Chewing difficulties

Eating is such a simple joy, and such a loss when swallowing issues make it difficult. But there are ways to savour real food, even when you need a PEG tube to deliver valuable nutrients

One of the joys of food – and it’s something that so-called ‘mindful eating’ reminds us of – is a pleasure that goes beyond flavour. It’s the feel of food in our mouth and the sensory tingle as even the smallest amounts hits our taste buds, whether that’s the sweet chill of a lick of ice cream or a sip of warming broth. Sadly, that feeling isn’t easily available to all.

Over the years I’ve been in practise, I’ve worked with many people who have found it difficult to chew and swallow in order to eat and nourish themselves, whether that’s due to conditions such as Parkinson’s, multiple sclerosis, cancer or dementia. Patients as young as two to those in their later years. Patients like Patrick, who had Karposi’s sarcoma, a tumour in the mouth common in people who are HIV positive. Patrick loved me to tell him about the food I’d been eating, as if he could enjoy it by proxy. I took him some fresh strawberries in hospital, even though he could manage just a bite, and that moment – and the reaction to it – defined my career and led, 30 years later, to the launch of Nourish Drinks. (You can read more about Patrick and the foundation of Nourish by Jane Clarke here.)

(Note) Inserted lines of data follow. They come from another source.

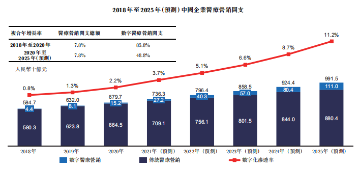中国数字医疗营销市场由2018年的人民币44亿元增至2020年的人民币152亿元,复合年增长率为85.8%,预计2025年将达到人民币1,110亿元,复合年增长率为48.8%。
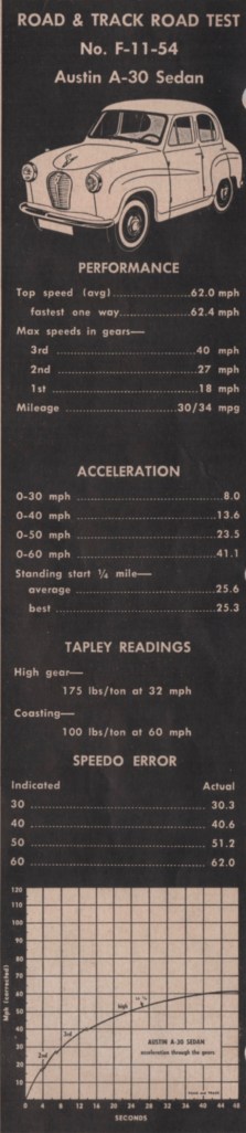 Versus the Beetle. Not that the Volkswagen’s acceleration (39.2 seconds to 60 mph) was all that quicker than the A-30’s 41.1. Indeed, a Letter to the Editor in November 1954, “In Defense of the Austin A-30,” compared R&T’s figures showing the A-30 to be quicker than the VW in the newsboy range.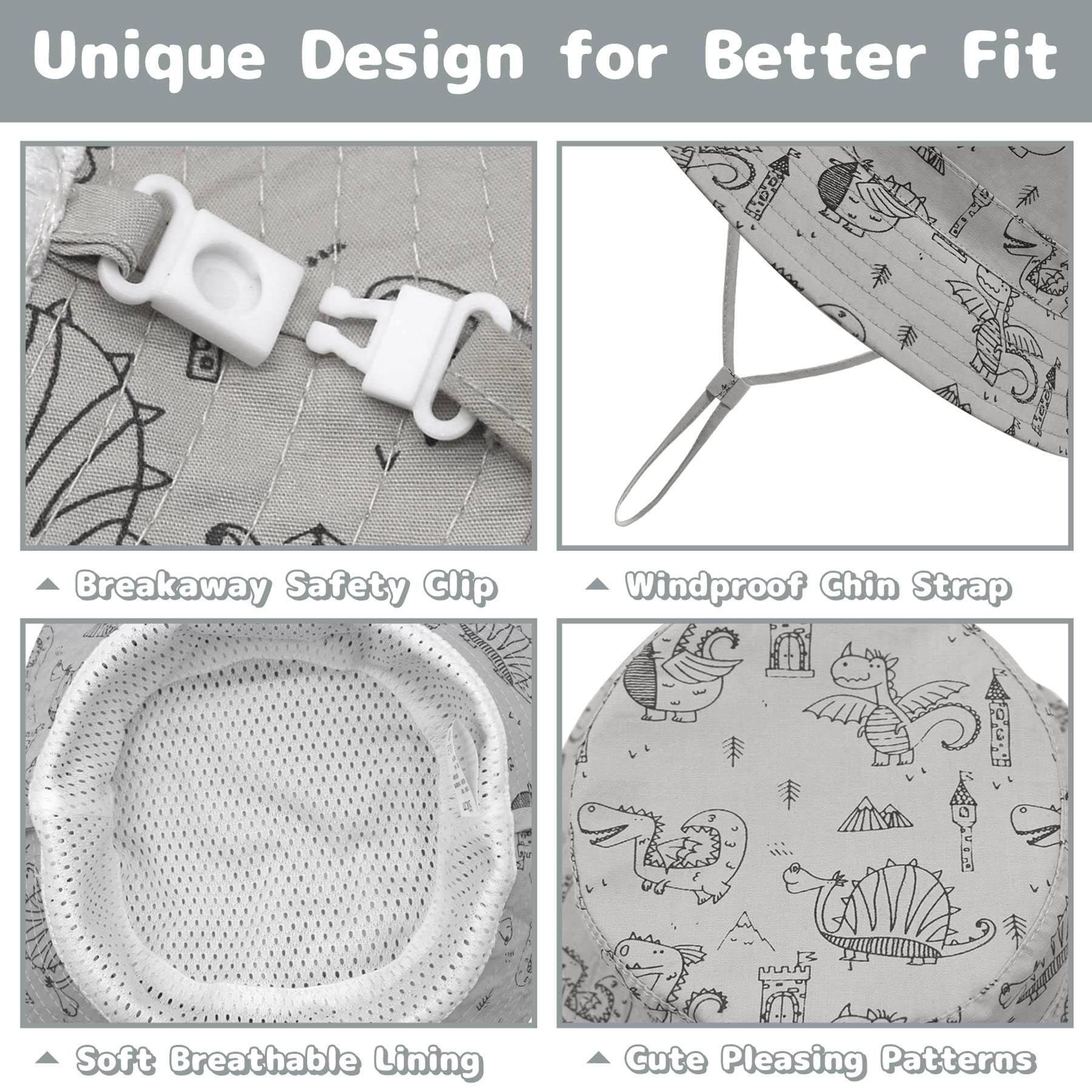 ADJUSTABLE & FITS WELL: Our toddler sun hat is designed with adjustable chin straps without plastic buckles, which can be more eco-friendly and skin-friendly, and offer a customized fit. And the infant sun hat has a breakaway safety clip which can be simply clipped back in.

Some people who cannot swallow easily require a PEG, which is a tube inserted directly into the intestine or stomach, sometimes via the nose, through which nourishing liquids can pass. In this way, the body can receive all the nutrients it needs. What it can’t do is provide the sensory joy of food and eating. Sometimes, it simply isn’t possible to attempt chewing and swallowing at all. But there many people who, with a PEG to take away the stress of trying to eat enough, can still enjoy the sensation of food in their mouths. It could simply be a sip of soup, a drop of a Nourish Drink, or a smidgen of Greek yoghurt.

Taking a moment really to savour the taste and sensation of food – even better, if it’s in the company others – can do so much to make us feel a part of the world and not isolated or defined by our illness. Even when you need a PEG tube to deliver the majority of your nourishment, every mouthful matters.